Would you retype exactly the lines below, starting with the one that has "N₂O除去根粒菌の能力を最大" and going on through the one that has "白スーツを身に纏った柊登馬の", with no pictures and nothing else?

» PROVIDED DATA:
- - - -

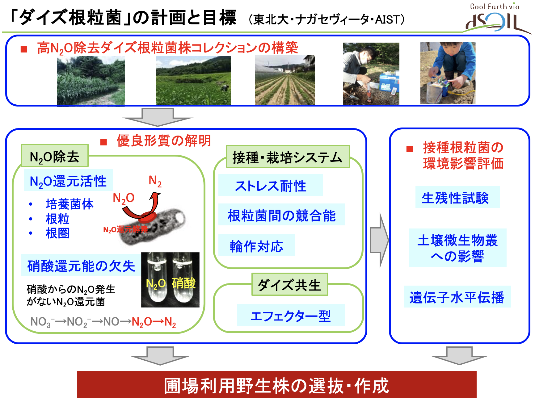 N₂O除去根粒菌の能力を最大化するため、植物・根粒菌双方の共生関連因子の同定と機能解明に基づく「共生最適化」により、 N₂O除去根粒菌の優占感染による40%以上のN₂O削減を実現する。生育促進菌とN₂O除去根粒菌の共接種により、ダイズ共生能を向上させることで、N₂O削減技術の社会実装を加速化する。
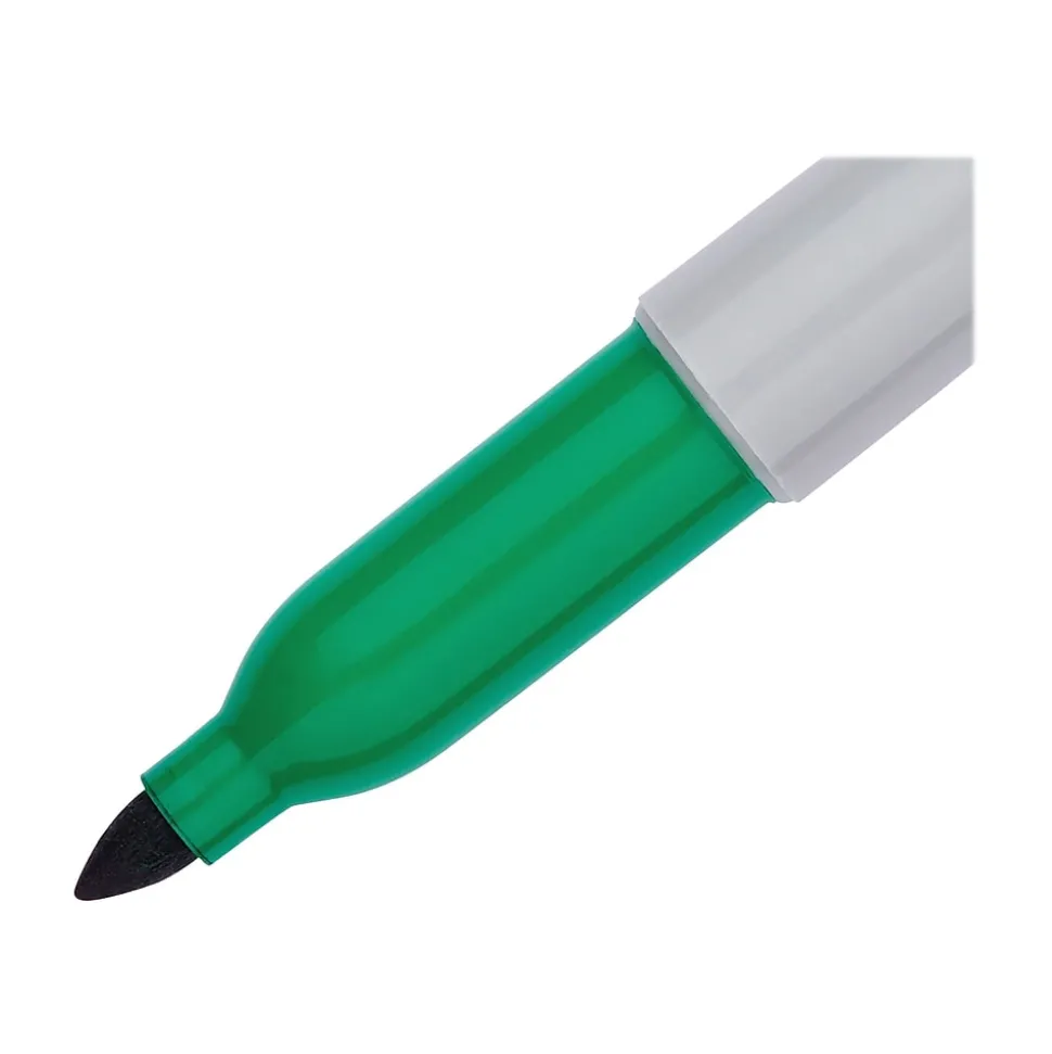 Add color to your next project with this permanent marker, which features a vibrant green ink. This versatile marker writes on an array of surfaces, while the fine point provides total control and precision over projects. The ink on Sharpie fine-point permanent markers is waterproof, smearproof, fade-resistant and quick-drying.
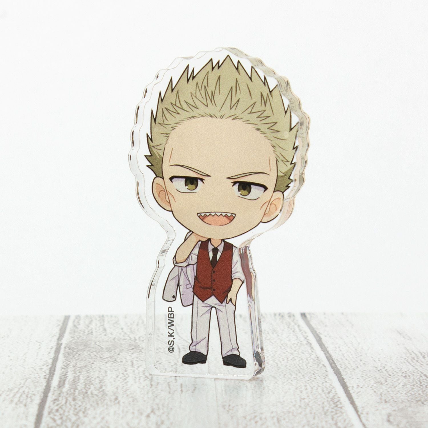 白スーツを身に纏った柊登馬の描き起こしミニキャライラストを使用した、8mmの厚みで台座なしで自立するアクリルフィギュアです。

- - - -

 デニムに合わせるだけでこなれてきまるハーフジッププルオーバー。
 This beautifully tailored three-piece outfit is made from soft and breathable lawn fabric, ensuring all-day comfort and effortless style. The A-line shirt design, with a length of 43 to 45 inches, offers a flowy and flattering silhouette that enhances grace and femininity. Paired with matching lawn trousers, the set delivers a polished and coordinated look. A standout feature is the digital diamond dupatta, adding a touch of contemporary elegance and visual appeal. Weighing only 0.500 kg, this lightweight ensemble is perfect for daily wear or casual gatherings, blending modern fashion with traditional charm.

- - - -

» RESULT FOR THIS TASK:
 N₂O除去根粒菌の能力を最大化するため、植物・根粒菌双方の共生関連因子の同定と機能解明に基づく「共生最適化」により、 N₂O除去根粒菌の優占感染による40%以上のN₂O削減を実現する。生育促進菌とN₂O除去根粒菌の共接種により、ダイズ共生能を向上させることで、N₂O削減技術の社会実装を加速化する。
 Add color to your next project with this permanent marker, which features a vibrant green ink. This versatile marker writes on an array of surfaces, while the fine point provides total control and precision over projects. The ink on Sharpie fine-point permanent markers is waterproof, smearproof, fade-resistant and quick-drying.
 白スーツを身に纏った柊登馬の描き起こしミニキャライラストを使用した、8mmの厚みで台座なしで自立するアクリルフィギュアです。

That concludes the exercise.